Una actitud hostil la que soportamos un día sí y otro también
de forma desconsiderada, de algunos lugareños que no aceptan de buen grado la
presencia cercana de cazadores a sus lugares de residencia o tierras de pasto. Sobre
el cazador se vierten todo tipo de despropósitos, incluyendo denuncias a las
autoridades por actos cometidos, supuestamente
punibles, cuya veracidad de credenciales acreditativas carecen del rigor
necesario. No es una situación puntual, sino que se generaliza.
El jabalí ha crecido tanto en número de sus individuos que ha
propiciado sus asentamientos preferentes tengan lugar próximos al hombre y
especialmente a sus tierras de labor y cosecha. Viven, se alimentan y
procrean del fruto generoso que producen
estas tierras, por eso las han colonizado. Es ahí en esos términos
territoriales, donde el cazador actúa, con máxima prudencia, sin riesgo para cosas o personas, con
experiencia, además, dentro de lis límites que la ley le otorga y le exige
cumplir.
Sucede que no basta el cumplimiento de la legalidad y a veces,
más de las deseadas, con cierto hartazgo nos encontramos los cazadores con momentos desagradables de mucho compromiso,
irrespetuosos por el contenido que expresa quien así se pronuncia. El campo, sus gentes, aquellos que no quieren
la convivencia con la caza, se les abre una disyuntiva electiva; deberán priorizar cual es
la conveniencia para sus intereses: el
jabalí creciente de sus piaras, aprovechando con el oportunismo del que hace
gala este cerdo salvaje (temerario hasta la extenuación cuando de alimentarse
se trata), la oferta abundante de productos
hortofrutícolas de que disponen para satisfacerse o, admitir con otro semblante la caza en sus aledaños. Los perjuicios que ocasiona
esta especie, de difícil reparación, un trastorno para el quien los sosporta, algo que
se haría extensible, caso de no regular a parámetros de sostenibilidad el
fuerte dinamismo que para lograr su supervivencia en la naturaleza imprime este suido.
La caza evita que las cosas vayan a mayores, sin ella serían
cuantiosos los damnificados y, precisamente por ello, solicitamos una actitud
menos transgresora para este colectivo. La caza es un ejercicio que se realiza
en el campo, no tiene otras alternativas. Agricultor y cazador es un binomio de
hermanamiento que debe coexistir en eficaz convergencia.

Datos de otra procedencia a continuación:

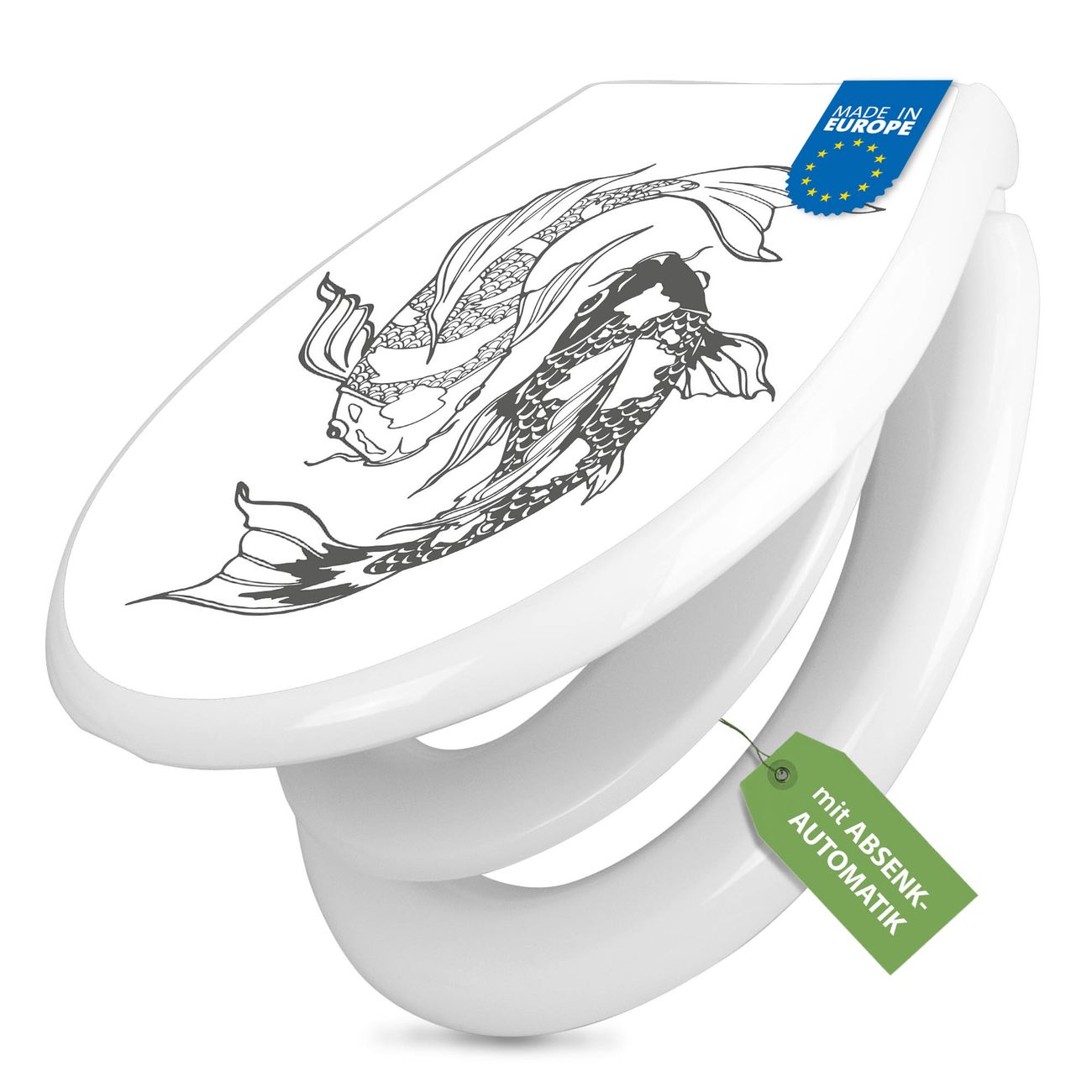 Toilettendeckel weiß mit Absenkautomatik Motiv Koi Paar 3

Y como todo hay que decirlo, también conviene resaltar el
apoyo (en contraposición con denigrantes e injuriosas actuaciones) que los
cazadores recibimos en gran parte de los gremios agrario y ganadero, que ven en
la caza un buen ejercicio que impide con sus capturas la posibilidad de un deterioro de sus parcelas de laboreo.

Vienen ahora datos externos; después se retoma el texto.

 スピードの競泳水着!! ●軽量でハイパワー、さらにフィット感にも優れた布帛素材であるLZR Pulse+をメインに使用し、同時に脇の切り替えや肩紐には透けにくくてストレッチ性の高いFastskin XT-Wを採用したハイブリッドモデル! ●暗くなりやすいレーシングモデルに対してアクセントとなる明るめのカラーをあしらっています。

Alguien dejo dicho que, si no hay caza, habría que
inventarla. O, bien, de seguir así las cosas de alta demografía que caracteriza
al jabalí, es seguro que sin caza, se pedirá árnica a los cazadores, solicitando
su vuelta. Ejemplos ya ha habido. Habrá
quien pague para que le quiten el dolor de contemplar sus plantaciones sensiblemente
desmejoradas por la acción del jabalí, si este sigue el ritmo alcista de sus colonias a a
pesar de las cuantiosas extracciones que soporta a manos de los cazadores..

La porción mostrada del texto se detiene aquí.